Propecia Rally New Zealand (RNZ) is taking a long hard look at the changes recommended by the World Motorsport Council of the FIA in Paris, with many of them impacting on the New Zealand round of the World Rally Championship (WRC).

Newly elected World Rally Championship Commission President Morrie Chandler returned from Paris today and immediately met with Rally NZ officials to discuss the future direction of the sport under his guidance.

RNZ Clerk of the Course Willard Martin says the message out of the Paris meeting with three popular events axed and radical changes mooted is clear; Rally New Zealand must raise the bar if they are to continue as a round of the WRC, regardless of who is in the President’s chair.

“Our focus from a sporting perspective is to ensure that our event is the best on the calendar and one that the drivers, teams and spectators love returning to. The departure of Cyprus, Turkey and in particular the superbly run Australian event should be a warning to us all that no event has a right to continued inclusion on the WRC calendar. November this year in Hamilton becomes an even greater focus for us.”

Martin says the sporting decisions made in Paris are largely based on cost saving but will impact on the running of the New Zealand event.

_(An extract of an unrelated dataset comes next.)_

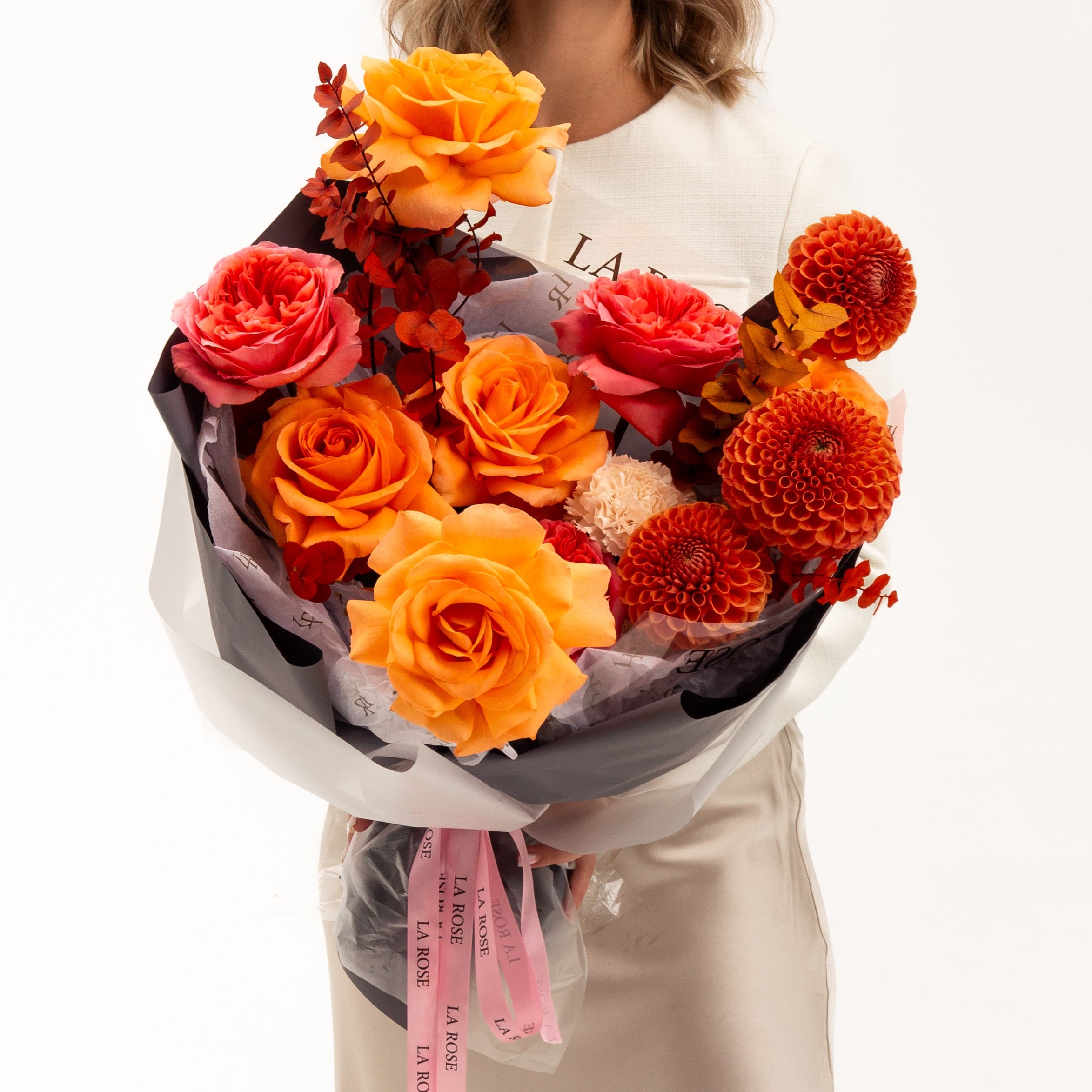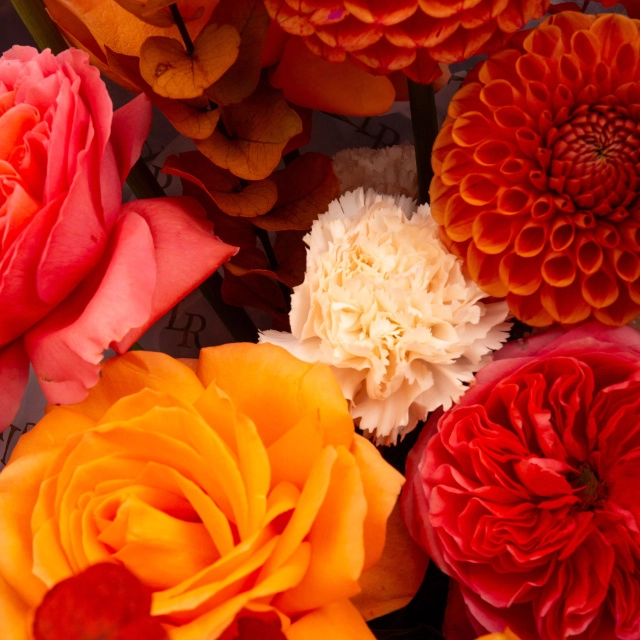 Георгин срезка, Роза Пионовидная 60 см Эквадор Candy X-pression, Гвоздика одиночная Brut Geoflora, Эвкалипт Stuartia MIX, Роза 60 см Эквадор Coral Reef

“The move to allow remote servicing is important for us if we are to avoid long touring times in the middle of the day. This is brought about by the need for cars to return to service from distant special stages and does nothing for the spectators, media or teams on the event. The likely allowance for remote servicing will provide us with far greater flexibility when planning special stages and allow for the inclusion of a greater variety of roads.”

This and other changes tabled at the meeting in Paris will become effective from January 1st 2007 with the finer detail agreed at the next WRC Council meeting. Martin says the early signaling of change is a good move from the WRC.

“The changes affecting engines (limiting the number and specification that can be used) and tyres (a move to one tyre manufacturer from 2008) are motivated by cost. Any saving that the championship can make is a further incentive for manufacturers to stay or return to the sport and that can only be good for our event. It is my belief that these changes could well boost entries to the championship and to Rally New Zealand, if not in the short term then certainly in 2007 and beyond.”

The WRC also moved to tighten the rules on cars returning to an event after previously being ruled out. Existing Super Rally rules that allow for a returning car to compete for championship points with a time penalty for any missed stages will be replaced by bonus points applied for each leg (day) of a rally (1st = 3 points, 2nd = 2 points and 3rd = 1 point). This is to ensure the final classification applies only to competitors who complete the entire route. The present 2006 point structure allows for a rally winner to potentially not have contested the complete event. This anomaly will be removed from 2007.

The championship will retain its January to December calendar, resisting earlier suggestions to move to a northern hemisphere winter season. It was felt that given the number of other changes affecting the sport at the present time that stability was called for with regards the WRC season.